Trucks that were stranded near Mumbai earlier this week. (Source: Anandhu KC)
Kapil Dev Varma was one of the thousands of truck drivers stranded across the country due to the restrictions that came with the 21-day lockdown to slow the spread of the COVID-19 virus. Varma, who was transporting rice, said the journey from Delhi to Navi Mumbai’s APMC market was a struggle, and delayed by two days.

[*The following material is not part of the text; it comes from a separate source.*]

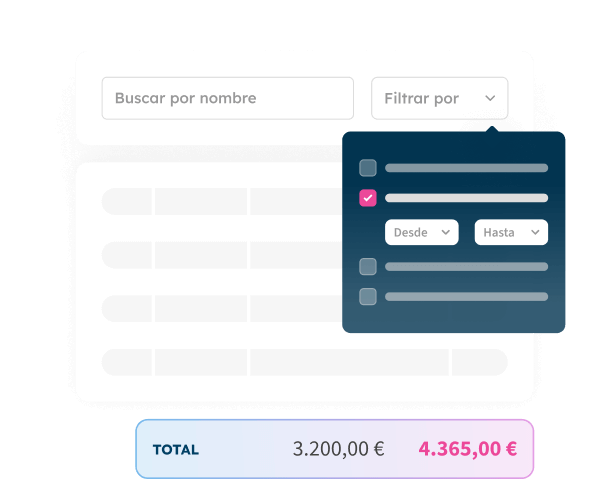 Te permite buscar, filtrar y los gastos por diferentes criterios al instante. Podrás:
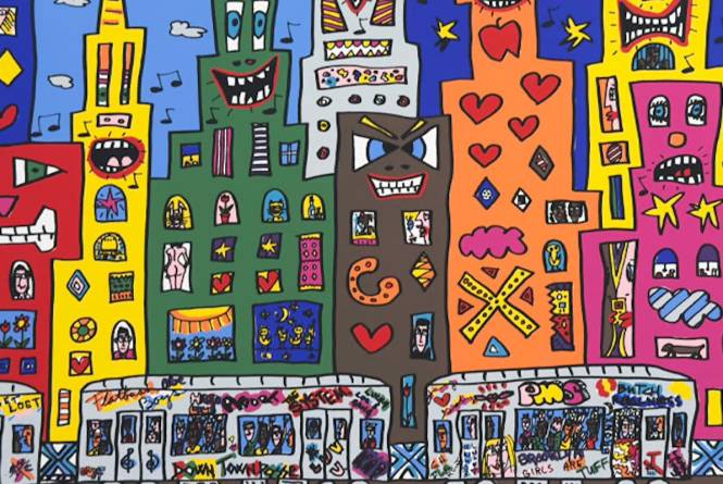Image (detail): James Rizzi, Take the A Train to Harlem. 1989, Lithograph. From the Collection of the Dennos Museum Center.

All the dhabas and other outlets that drivers rely on for food and water had been barricaded shut by police, he said.
“We had to stop on the highway and walk to markets in villages to buy vegetables that we then cooked and ate,” Varma said in a telephonic interview from Mumbai.
Javed Khan, who transported a consignment of LPG from Mangalore to Solapur, said he started his journey on March 23 and was able to sleep for just three hours during the 750-km drive.

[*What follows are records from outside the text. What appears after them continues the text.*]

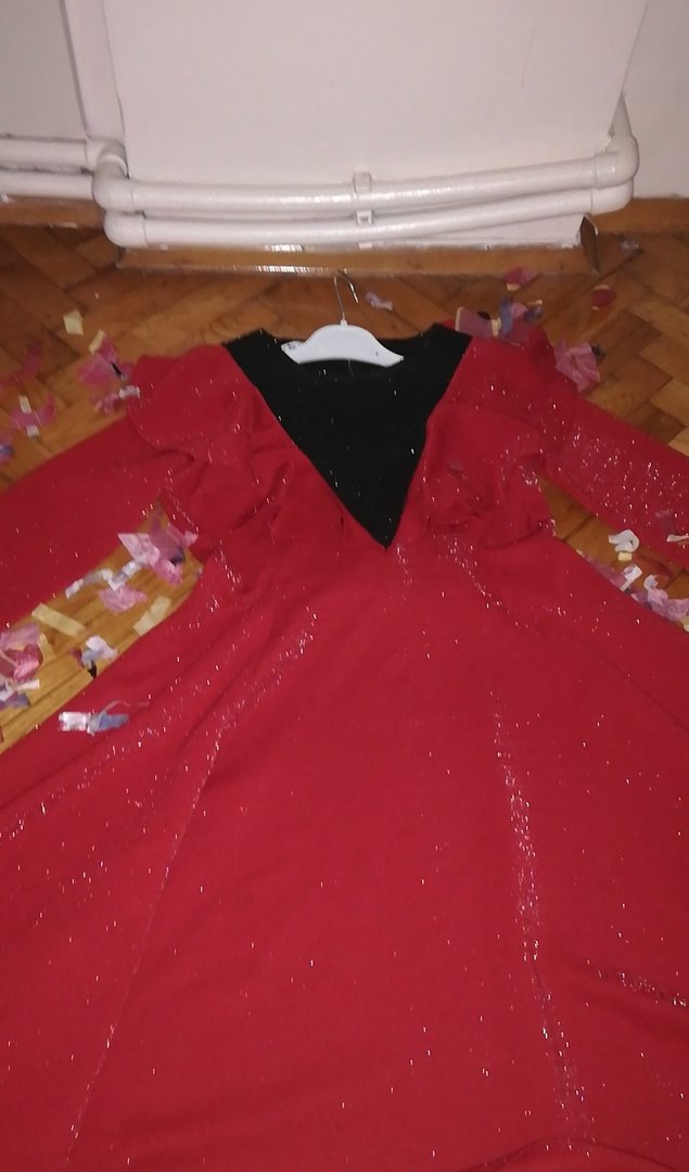 Koyu kırmızı renkte, V yaka ve uzun kollu, bol ve drapeli kesime sahip kız çocuk abiye elbise.
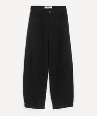 DETAILS Boucle trousers Regular fit Regular waist Barrel-leg Button fastening, zip fly Belt loops Side pockets Rear patch pockets Branded jacron patch on the back waistband SIZE & FIT Model is 188cm/6'2"; Chest: 91cm; Waist: 79cm and wears a size M COMPOSITION & CARE 68% Cotton; 32% Polyamide Dry clean
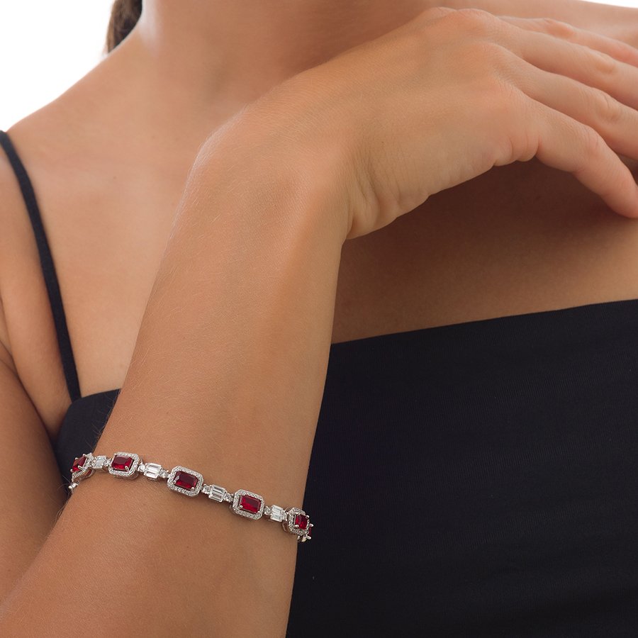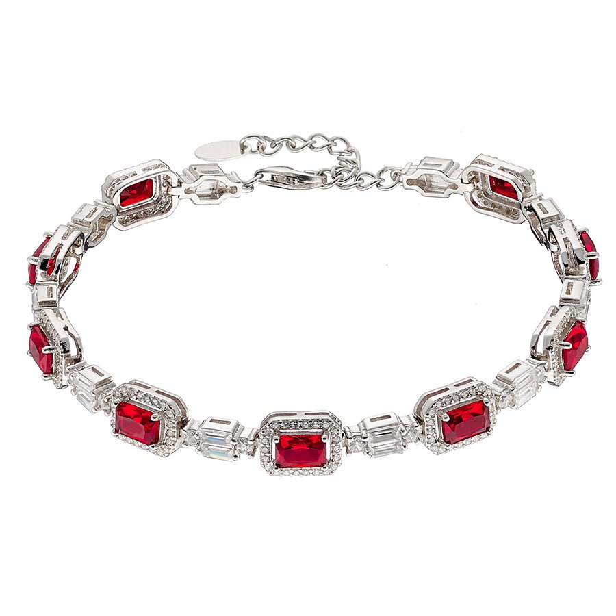 Oxzen γυναικείο βραχιόλι ασημένιο ριβιέρα με καρέ πέτρες ζιργκόν

“There’s no problem on the roads but we can’t stop anywhere. It’s a problem even to stop to use the toilet,” he said in a telephonic interview from Solapur.
Khan, who hails from Uttar Pradesh’s Ambedkar Nagar, said police weren’t letting trucks stop anywhere and he saw drivers being beaten up.
Anandhu KC said he was returning to Kerala after transporting a consignment of pineapples to Delhi when the 10-truck convoy he was part of took a break in Maharashtra. Anandhu said one of the drivers was beaten up by the police over stopping and a window of his truck was smashed.
“We did a live video on Facebook, which the media in Kerala reported, and had to call multiple political leaders. It was only after their intervention that we were allowed to leave on March 24 midnight. We then drove straight back to Kerala without any stops,” said Anandhu.
Anandhu, who said he incurred a loss of Rs 40,000 on the journey home due to travelling without any cargo, said he made the journey to Delhi only because he had heard trucks with essential cargo wouldn’t face any problem.
Balmalkit Singh, chairman of the All Indian Motor Transport Congress, said hundreds of drivers were stranded at barricades without food or water, despite many of them transporting essential goods. Under guidelines provided for the nationwide lockdown, the transport of essential goods has been exempted.
Calls from families
Varma and Khan, both of whom are employed with Mumbai-based Shri Anand Transport Agency , said that they have been getting calls from their families to return home due to fears over the coronavirus pandemic.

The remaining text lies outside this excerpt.